The wait is over, the nominations are in, and with half of the Internet hitting refresh on Twitter until the very last minute, Jeremy Corbyn is a candidate for Labour leader – confounding the predictions of large swathes of the commentariat and much of the Labour left itself (including me). Once the social devastation wrought by a Tory majority becomes apparent, the outcome of the 2015 general election will go down as one of the greatest ‘what ifs’ of recent years, and, within the reality that we now face, Corbyn’s nail-biting success in reaching the ballot may prove to be a turning point for the fate of the British left as a whole.
None of this success should on its own be a vindication of the strategy of the left’s participation in Labour. For now, all that has happened is that a serious, principled left wing candidate has been able to run, not because of the strength of the Labour left, but because of a combination of public campaigning – much of it egged on by the left outside the party – and the charity of some of Labour’s more moderate MPs. Many on the right and centre of Labour chose to put Corbyn on the ballot for a mixture of principled and tactical reasons – hoping to manipulate the dynamics of the election, or positioning themselves in the London mayoral or deputy leadership contests. As many of the more astute hard line Blairites are observing, this decision will haunt the Labour Right.
The presence of Corbyn on the ballot paper will immediately allow the left to articulate itself within the contest and on a national stage, though its arguments will be ignored as outsider views by many in the mainstream media. What may come as more of a surprise is that Corbyn could well produce a serious shock in terms of vote share. Had Dianne Abbott run under the party’s new electoral rules, she would have come third in 2010. Corbyn – by the looks of it, a more galvanising and uniting figure on the left, and personally a very popular figure in the party – should do much better, and that is without taking into account the most decisive factor: the popular legacy of the struggles of the past five years.
Far from representing a fringe constituency, Corbyn is a representative of the only political current, with the exception of the Scottish nationalists, to have galvanised popular opposition to the Coalition and Conservative governments: the radical left. In high politics, within the wider labour movement, and within social movements, the imagination and strategies that have brought people in and won disputes in a new era of reactionary government have come by and large not from centrists or trade union leaderships, but from grassroots activists and radical political minorities. On many core issues, the radical left is now the only political force articulating what a majority of the public wants: economic democratisation, tax justice, and public ownership.

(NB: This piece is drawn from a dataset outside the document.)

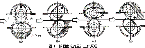 典型的PDF(橢圓齒輪式)的工作原理如圖1所示。兩個(gè)橢圓齒輪具有相互滾動(dòng)進(jìn)行接觸旋轉的特殊形狀。P1和p2分別表示入口壓力和出口壓力,顯然p1>p2,圖1(a)下方齒輪在兩側壓力差的作用下,產(chǎn)生逆時(shí)針?lè )较蛐D,為主動(dòng)輪;上方齒輪因兩側壓力相等,不產(chǎn)生旋轉力矩,是從動(dòng)輪,由下方齒輪帶動(dòng),順時(shí)針?lè )较蛐D。在圖1(b)位置時(shí),兩個(gè)齒輪均在差壓作用下產(chǎn)生旋轉力矩,繼續旋轉。選裝到圖1(c)位置時(shí),上方齒輪變?yōu)橹鲃?dòng)輪,下方齒輪則成為從動(dòng)輪,繼續旋轉到與圖1(a)相同位置,完成一個(gè)循環(huán)。一次循環(huán)動(dòng)作排出四個(gè)由齒輪與殼壁間圍成的新月形空腔的流體體積,該體積稱(chēng)作流量計的"循環(huán)體積"。

The problem for Corbyn’s campaign is that, just as anti-neoliberal political sentiment has risen, particularly among the young, the tidal process that brought activists from social movements into the Labour left is weaker than ever. The new generation of leftwing sentiment has found its limited political expression outside of Labour, mostly in the Greens; to its detriment, much of this distance from Labour politics comes not so much from any particular long term strategy, but an atomised political culture which prises moral purity and in which party membership works much like brand affinity. The quirk of this process is that the same people who constituted the ‘Green surge’ of 2014-15 may now be persuaded to sign up and vote for Corbyn.
For much of the newer and older left, which has based so much of its political strategy and identity on being outside of the party, the idea of investing time and energy into a Labour leadership election may seem like a step backwards. But in order to progress, that is precisely what the wider left must do, not just because Corbyn might get a lot of votes, but because this Labour leadership election is about more than it seems.
It could be that, with an unprecedented surge in leftwing members and supporters, Corbyn really could win; and it could equally be possible that, in spite of all the hype, this is actually the beginning of the swan-song of the Labour left – another moment at which many of its number finally decide, from a position of strength, to start or join something new. In between, a series of other positive outcomes are possible – exposing the contradictions within Labour, winning arguments over ideas.
In any of these scenarios, it is essential that Corbyn’s campaign is large, well-supported, and directly linked to grassroots campaigns and social movements – and in order to deliver that, it will need forces far broader than the Labour left can currently muster on its own. If the trickle of leftwingers now signing up for the leadership election turns into a flood, the Labour Right will complain of a coup. Precisely the opposite is the case: if Labour is really the party of working people, then the wider left, Labour’s extended family, has far more of a claim to a stake than the machine politicians and hacks that populate so many of its offices. For almost every tendency and shade of the left, all roads now point towards backing Corbyn’s leadership campaign.